The practical footnotes that keep this honest
A right to appear is not always the whole strategy, so a candid practitioner adds three footnotes. Local practice knowledge has value: knowing how a particular council schedules matters, or a particular RERA bench’s approach to interest, is intelligence an out of state advocate should acquire, sometimes by associating a local counsel for logistics while retaining strategy. Language can matter: proceedings and documents occasionally travel in the state language, and Marathi or Tamil paperwork may need translation support. And physical steps, execution proceedings, certified copies, the occasional in person evidence day, are easier with feet on the ground. None of this qualifies the legal right; it is simply the difference between a right and a plan.
Can AI help here?
In cross state representation, AI is the quiet enabler that makes the economics work. Translation models turn a Marathi order or Tamil purchase order into working English in seconds, letting your trusted advocate handle a file that would once have required a local reader. AI research tools surface the destination forum’s recent orders and procedural circulars, compressing the local knowledge gap. Drafting assistants prepare chronologies, interest computations, and first draft pleadings for forums the advocate visits only virtually.
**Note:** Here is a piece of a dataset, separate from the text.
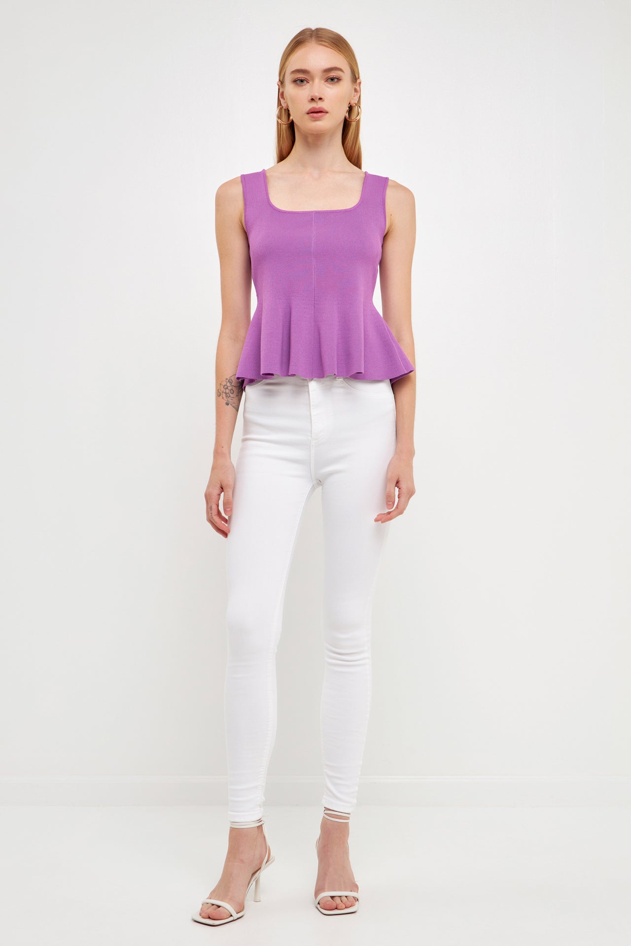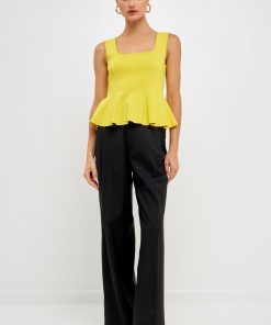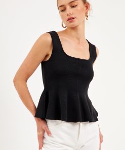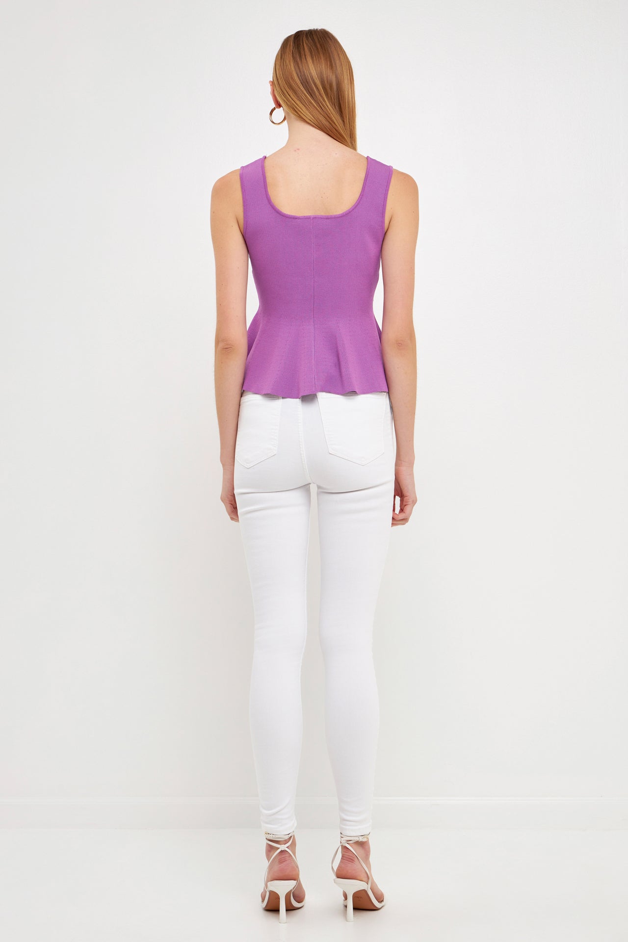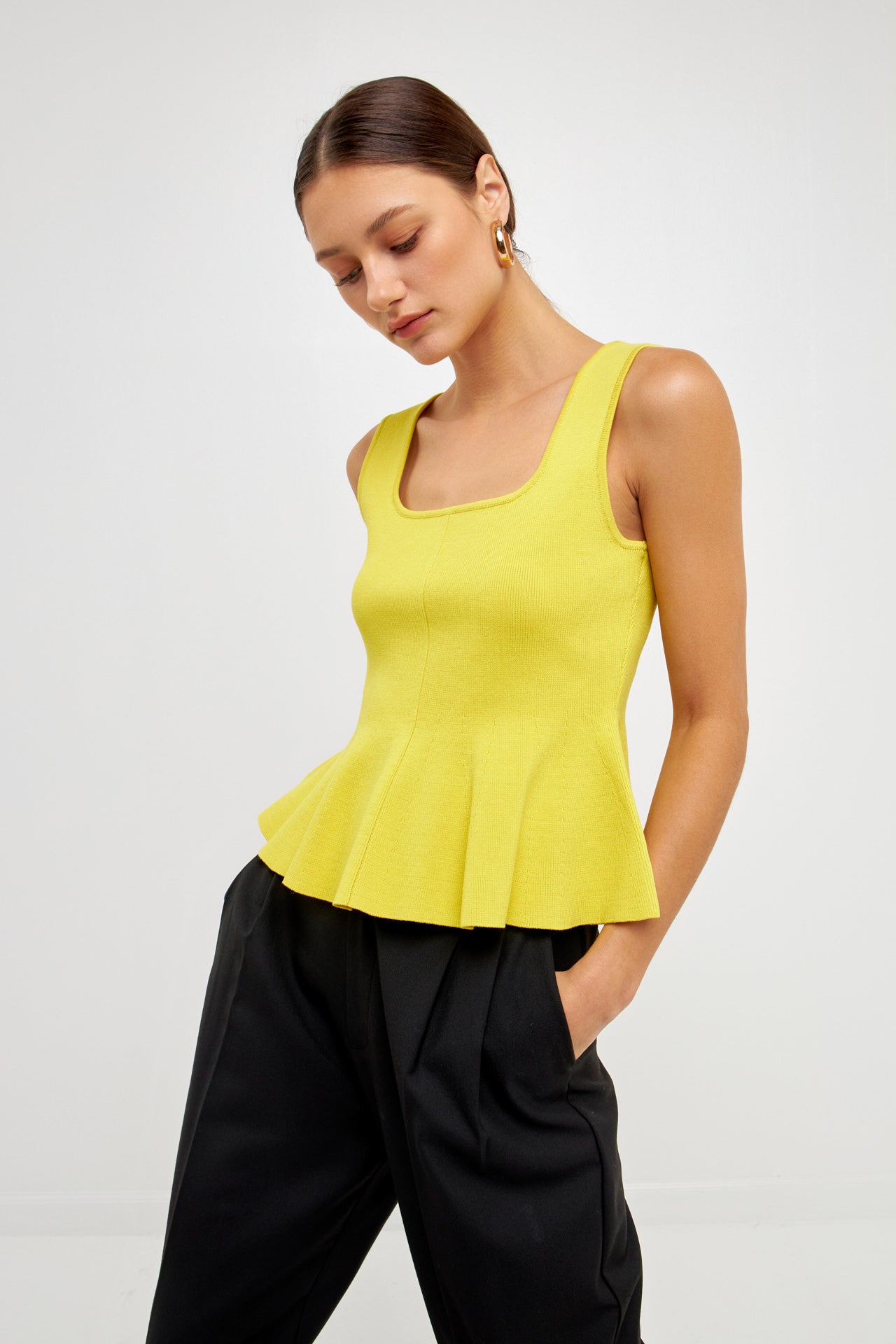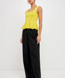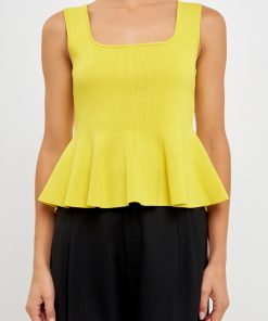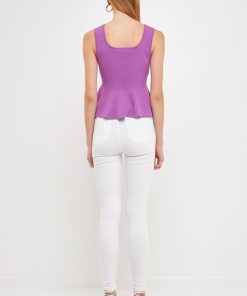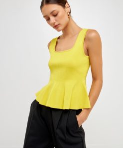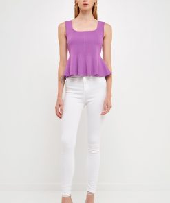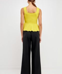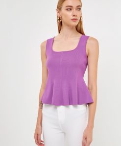 Endless Rose Women’s Flare Detail Knit Tank Top | Black|lime|purple

But the judgment calls, whether to concede at conciliation, how to frame relief before a RERA bench, whether a translated clause means what the machine says it means, belong to a qualified human, because Section 30 gives the right of audience to an enrolled advocate, not to software, and professional accountability follows the human signature.
When to Review This
- Section 30 of the Advocates Act gives every enrolled advocate the right to practise before every court, tribunal, and evidence taking authority in India, and both MahaRERA and MSE Facilitation Councils sit squarely within that description. No local enrolment, no permission, no local counsel requirement, and with online filing and hybrid hearings, decreasing need for travel. Choose your advocate for trust and competence; the Constitution of the profession takes care of the geography.
Disclaimer
This article is for general information only and is not legal advice. Forum specific procedures vary, so take professional advice before acting.